Vendredi 8 décembre, au terme d’un marathon de trente-cinq heures de négociations tendues, les institutions européennes ont, en principe, mis fin à quatre ans de processus législatif autour de l’AI Act. Mais, pour la France, l’accord politique trouvé sur le règlement européen de l’intelligence artificielle (IA) ne clôt pas les débats. Selon nos informations, Paris espère, dans les réunions techniques qui ont commencé la semaine du lundi 11 décembre, infléchir les modalités d’application de certains points du texte : ceux-ci concernent la régulation des modèles d’IA capables de créer du texte ou des images, comme ceux des américains OpenAI ou Google, mais aussi de start-up françaises comme Mistral AI ou LightOn.
Fait inhabituel, le ministre délégué au numérique, Jean-Noël Barrot, a, dès samedi 9 décembre au matin, relativisé le compromis scellé sur l’AI Act, qualifié de simple « étape ». « Il faut éviter d’écraser les innovateurs européens sous une réglementation trop lourde, donc nous allons examiner très attentivement l’accord trouvé cette nuit », a-t-il prévenu sur France Inter, anticipant « les discussions qui vont nécessairement se poursuivre pour régler un certain nombre de détails ».

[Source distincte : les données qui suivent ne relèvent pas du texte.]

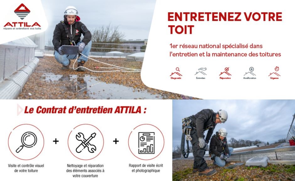 ATTILA est le 1er réseau national spécialisé dans la réparation, l’entretien et la maintenance de tous les types de toits, qu’ils soient industriels, traditionnels, en terrasse ou amiantés.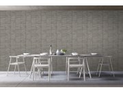 Vliesová tapeta - imitace stěnového obkladu v odstínech šedé, béžové a bílé.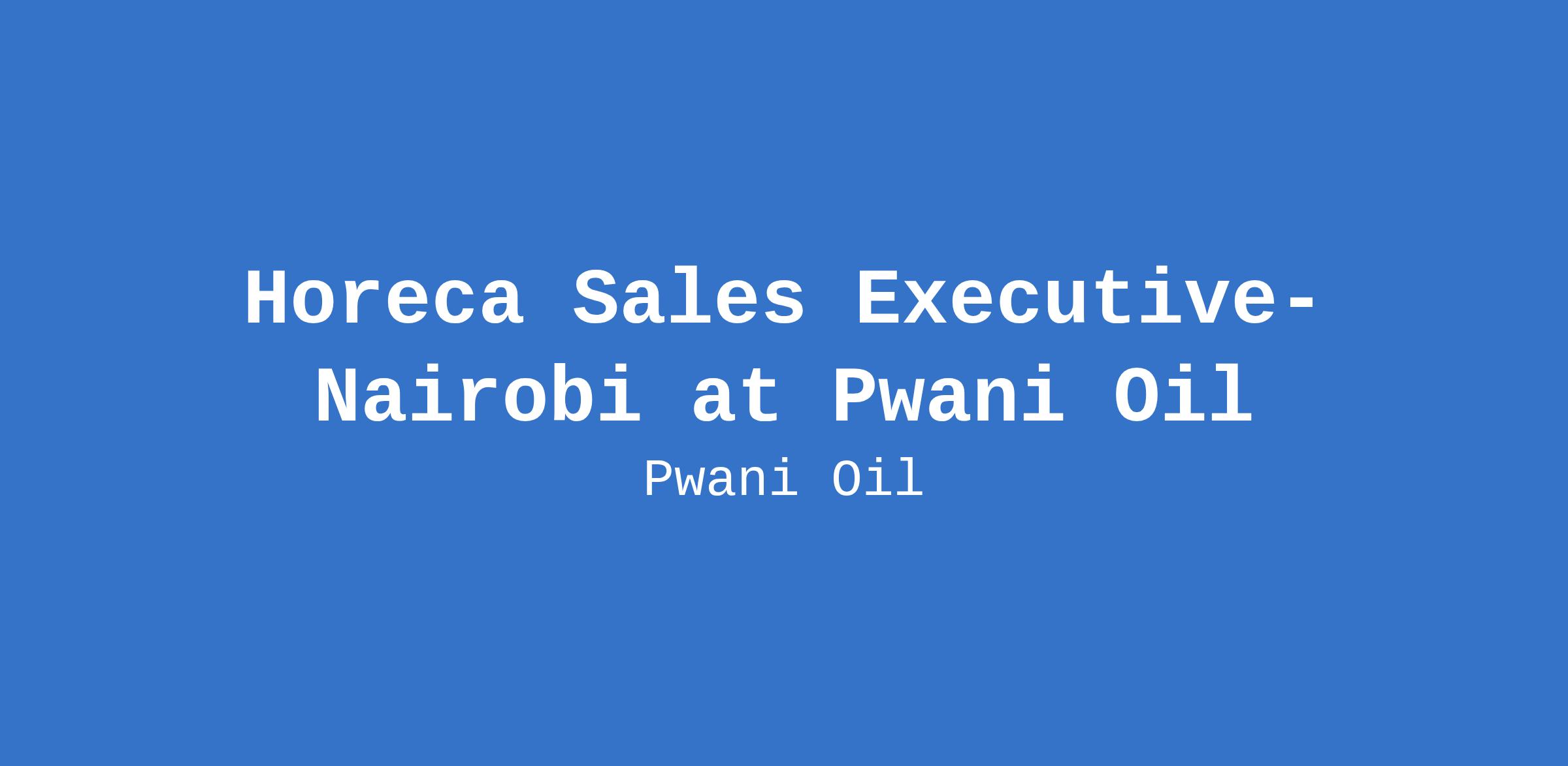 Horeca Sales Executive- Nairobi at Pwani Oil

« Le texte a été agréé. Il n’est plus ouvert à la discussion », lui a rétorqué, le 10 décembre, dans La Tribune Dimanche, le commissaire européen Thierry Breton. Sur les modèles d’IA concernés, un « équilibre » a été trouvé grâce à la réaction « d’un certain nombre d’Etats membres, dont la France et l’Allemagne », alors que la position initiale du Parlement européen était « trop radicale », a-t-il estimé.
Protéger les secrets d’affaires
Mais, lundi 11, Emmanuel Macron a réitéré les critiques françaises. « Ce n’est pas une bonne idée de réguler les modèles de fondation plus que les autres » pays, comme le Royaume-Uni, a déclaré le président de la République, en déplacement à Toulouse. « Si on perd des leaders ou des pionniers de l’IA à cause de ça, il faudra y revenir », a-t-il ajouté.
Concrètement, selon nos informations, le gouvernement s’inquiète de l’obligation faite aux fabricants de modèles d’IA de « rendre public un résumé suffisamment détaillé » des données utilisées pour entraîner leurs logiciels. « Accéder à une transparence complète (…), notamment des adresses des pages Web utilisées, reviendrait à signer la mort de l’entreprise », a estimé, lundi, le fondateur de Mistral AI, Arthur Mensch, dans Les Echos. Et « 95 % du savoir-faire technologique de Mistral, c’est la composition de sa base de données », a-t-il assuré.